Advantageously the cut-outs and the teeth formed between them have
a symmetrical shape. This takes care of the fact that the
superimposition of the cutting edges by the neighbouring cutting
discs can be maintained as evenly wide as possible.
The cut-outs and the teeth formed between them can be of triangular
shape. Approximation to triangular shape does not only take care
that the teeth are as stable as possible, but also promotes an
effective intersection surface of even width and good ratio between
overlapping and surface area.
Advantageously the cut-outs of neighbouring cutting discs of the
same cutting roll can be arranged relative to the cutting roll axis
obliquely or in the shape of a helical line, wherein the helical
lines on both cutting rolls run oppositely. Thereby the
synchronisation between both cutting rolls is maintained (in each
case tooth with gap) but there arises over the length of the
cutting roll a varying cut which does not only take care that at
one edge of the running in material to be comminuted a debris free
cut starts, but it gives rise to an opposite toothing more closely
described in what follows between the cutting rolls and the
material to be comminuted which promotes optimum transport of the
material to be comminuted. By the oblique toothing of the cutting
rolls care is taken that the optimum entry conditions are present
at least somewhere along the length of the cutting roll.

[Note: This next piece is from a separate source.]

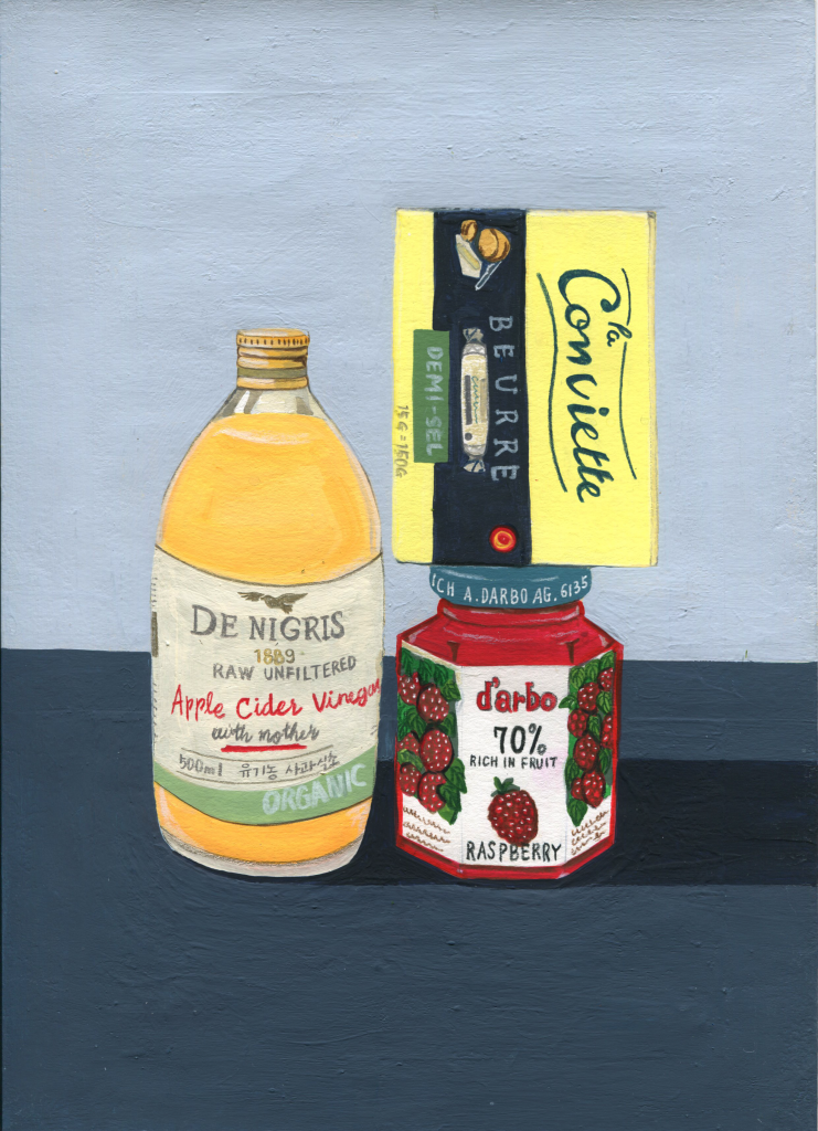 일상 속에 쉽게 마주하는 사물들과 개인의 취향이 담긴 사물들을 수집하며 그들을 그림 그리고 도자기로 만들었다. 사물의 형태 뿐 만 아니라 라벨의 이미지와 문자를 옮기며 순수한 조형과 디자인적 미학을 추구하려 하였다. 특히 여러 사물들을 인위적으로 배치하면서 익숙한 사물들을 낯선 이미지로 만들면서 고정관념 없이 자신만의 잊힌 기억 한 조각을 찾을 수 있도록 의도하였다. 흙을 통해 사물의 형태를 만들고 페인팅을 통해 선택한 대상을 표현하는 과정을 거치고, 불에 두 번 구워진 뒤 나온 도자기는 이미 알고 있는 사물이 아닌 새로운 대상이 되면서 모두에게 자신의 감정을 담을 수 있는 기억의 한 조각이 되어줄 것이다.

The depth of the grooves or slots between the cutting discs should
only be a little larger than the maximum radial intersection
dimension. If the distance between the apices formed at the outer
periphery of the cutting roll and the base of the groove of the
oppositely lying cutting roll is smaller than the maximum thickness
of the material to be comminuted, and preferably amounts to less
than 1 mm, these apices can, with particularly thick material to be
comminuted which may give difficulties with tearing apart or with
which the torn off particles still hang together locked into one
another, act like a knife which cooperates with a counter-cutting
surface. By corresponding adjustment of distance between the
cutting rolls, a second cutting action can accordingly be achieved
here, which however only comes to be effective if in fact it is a
question of handling thicker materials which are not torn apart by
themselves. With particles separated without difficulty in the
transverse direction, the apex is without further ado free from the
comminuted material, so that then this additional cutting action is
not effective and does not need to be effective. For this purpose
it is advantageous if the base of the groove runs with the cutting
roll. In contrast to numerous constructions in which only the
cutting discs run and intermediate spaces are constituted by fixed
core parts of strippers, here accordingly the base of the groove
can act as a co-running cutting anvil, which simultaneously also
transports the particles from the cutting zone. Strippers or
ejectors are however provided. They engage from outside into the
grooves between the cutting discs.
The cutting rolls can be made in one piece with the cutting discs.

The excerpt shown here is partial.